THE IMPACT OF INFORMATION TECHNOLOGY ON INVENTORY CONTROL IN THE OIL AND GAS SECTOR OF NIGERIA
BACKGROUND OF STUDY
The American institutes of accountants defines the term inventory as “the aggregate of these items of tangibles properties which are held on sales in the ordinary course of business, are in process of production for such sale or one to be currently consumed in the production of goods or services to be available for sale”. Advanced accounts.

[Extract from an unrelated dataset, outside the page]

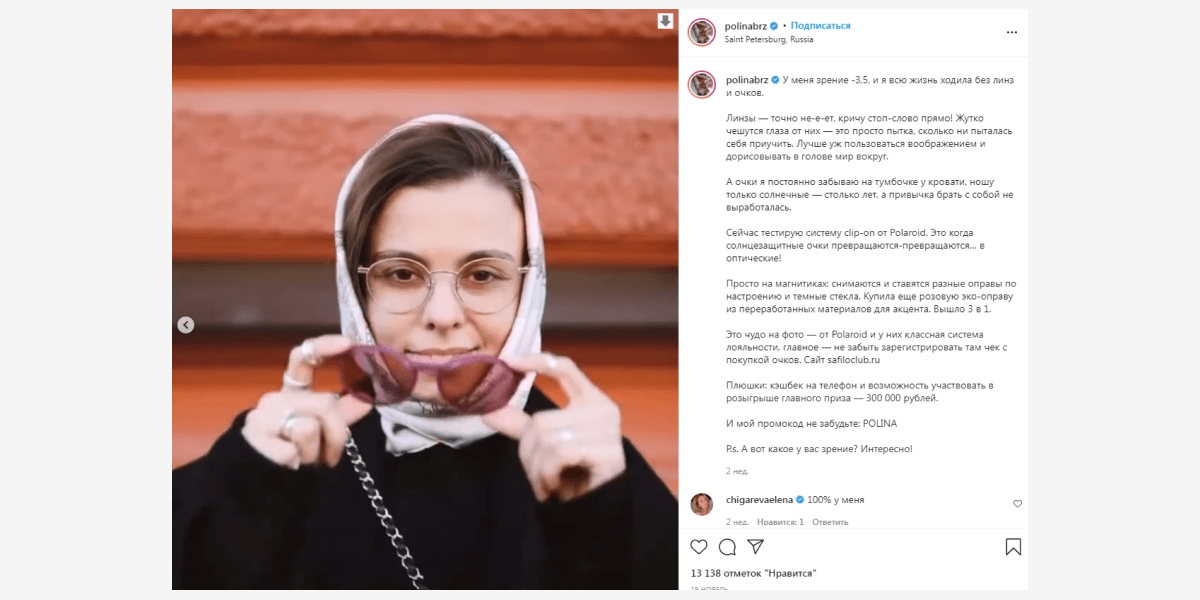 Пример рекламы очков Polaroid у блогера из Санкт-Петербурга Полины Бржезинской

Inventories are the significant portion of most forms of assets which accordingly requires substantial investment in order to keep these inventories from becoming unnecessarily large, inventories must be managed efficiently. In efficient procedures regarding inventory and some items of stocks, other overstock, necessitate excessive investment. Inefficiencies ultimately will have an adverse effect upon profits, thus the effect of inventory control in flexibility and level of investment required in categories represent two sides of the same coin. These are various principles of inventory control which will be viewed from the content of a profit oriented organization form which a base can be formed for the title of the project.

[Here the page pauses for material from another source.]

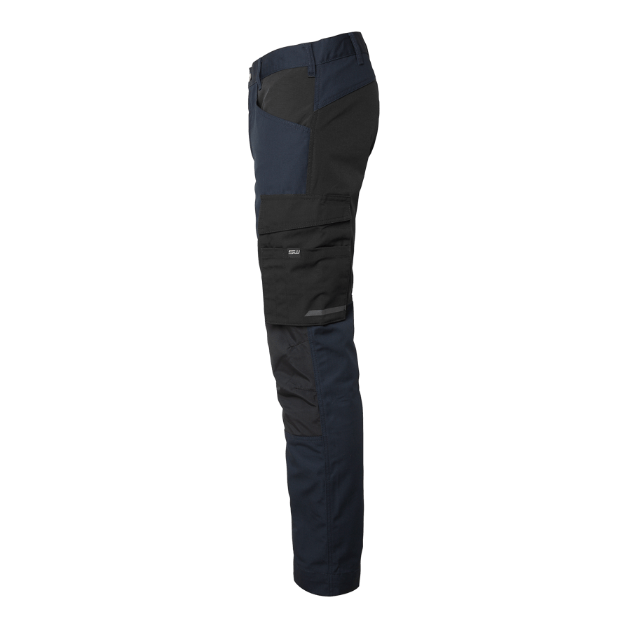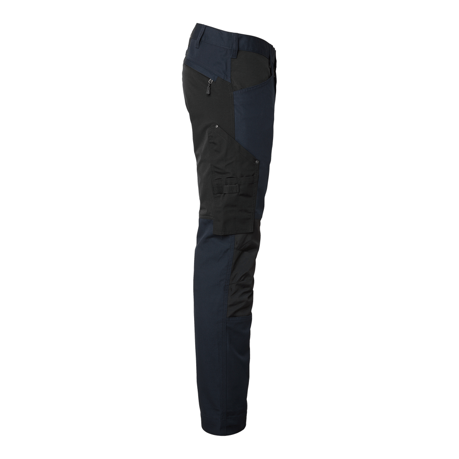 Modernit työhousut, joissa on kevyttä ja kestävää materiaalia sekä joustotoiminto valituissa kohdissa. Varustettu tilavilla taskuilla, mitta- ja reisitaskulla, kaksitasoisilla polvisuojataskuilla ja lisävahvikkeilla. Heijastava yksityiskohta vasemmassa lahkeessa.

In the modern business worlds, greater importances have been put to the control of inventory. Its concern in the management of inventory control must be to provide right goods in right condition at the right time. It implies that, the control procedure should be able to;
- retain appropriate stock levels
- Ensure proper use of stock in business operation.
- Ensure the inventory is duly accounted for.
- Safe guarding of stock against loss or misuse the management needs to ensure that adequate control procedures for purchasing and controlling of inventory in a way that optimum balance is obtained between efficient control and economy.
STATEMENT OF THE PROBLEM
Using information technology in inventory control is one of the most recent aspects of the modern business method. A lot of establishments engage diverse strategies to achieve accountability goal. The control problem of inventory control as it store and proper recondition of possible loss to a business through interruption of production or failure to meet other with the holding cost of stock large enough to give security against loss.